The invention relates to the field of research of oil and gas wells during the testing of reservoirs on pipes, in particular to control the intensity of manifestations of the reservoir. From the history of the issue.

Tests of formations in pipes (hereinafter - IPT) are carried out, as a rule, by service companies during the construction of exploratory and exploratory wells. The process of IPT itself is quite formalized, there is a sufficient amount of regulatory documentation that governs the details of the entire cycle of preparation and testing [1, 2]. However, information on the success of the operation obtained in the process of IPT by known methods is insufficient. First of all, this is due to the lack of an information communication channel between the bottomhole pressure gauges and the wellhead - all information is only available after lifting the test assembly from the well on the drill pipes and then decrypting the records of the autonomous manometers. The indirect information obtained in this way is subjective, not reliable. Moreover, as you know. - one of the signs of opening the inlet valve of the formation tester is an intensive air outlet from the drill pipe, accompanied by an influx of fluid. Depending on the intensity of the air outlet, the time of the open / closed formation testing period is adjusted. Monitoring of this process is carried out from one of the riser branches, which is not always convenient and unsafe for operating personnel, and the degree of manifestation of the inflow by personnel is determined intuitively, based on practical experience, which is in principle unacceptable!

It is known to use the diagram of changes in the readings of the weight sensor on the hook to estimate the amount of fluid entering the well during the test, as well as its density [3]. A weight sensor is available on all rigs and is usually duplicated. The essence of the measurement method is to control the degree of tension of the fixed end of the hoist rope, depending on the volume and density of the fluid entering the well according to the readings of the flushing fluid flow sensor and the gas-air flow sensor. However, the accuracy of such measurements is insufficient, since the weight sensor is fixed in the "dead zone" of the hoist rope, which leads to significant errors introduced by the friction force of the hoist system. In this case, the approximate production rate of the well is estimated only after completion of the test and lifting the test assembly by counting running meters of pipes filled with formation fluid:

$$Q=\frac{H\ast \pi \ast r^2}{T}$$

where Q is the flow rate, N is the increase in fluid in the pipes for the entire test period,

r is the radius of the drill pipe, T is the time of the open test period.

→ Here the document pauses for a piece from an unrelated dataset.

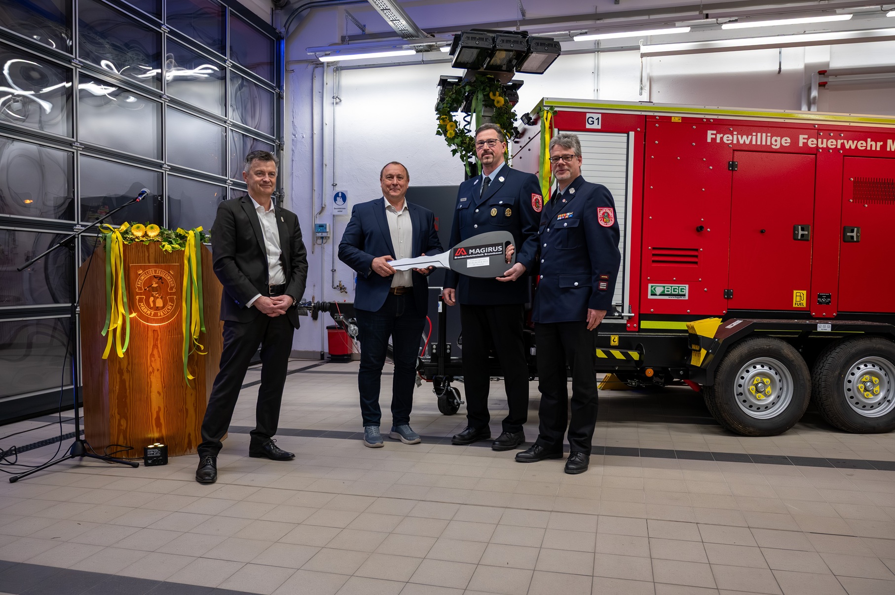 Otmar Fassold als Vertreter der Drehleiter-Herstellerfirma Magirus übergab offiziell den Fahrzeugschlüssel an den Bürgermeister und wünschte allzeit gute Fahrt und gute Heimkehr von allen Einsätzen. Bürgermeister Kotzur als Dienstherr der Feuerwehr reichte den Schlüssel weiter an Kommandant Felsner und lud damit alle Anwesenden zum Abschluß des Abends zu einem gemeinsamen Imbiss ein.

The value of H is determined visually from the boundary of the liquid level in the pipes, and when a large amount of gas is contained in the liquid, it is subject to a significant error. Thus, the flow rate of the well during the test process is practically not quantifiable, and therefore, the adjustment of the inflow time is delayed in time or does not occur at all in the absence of indirect signs of inflow, for example, such as an intensive exit of air from the pipes.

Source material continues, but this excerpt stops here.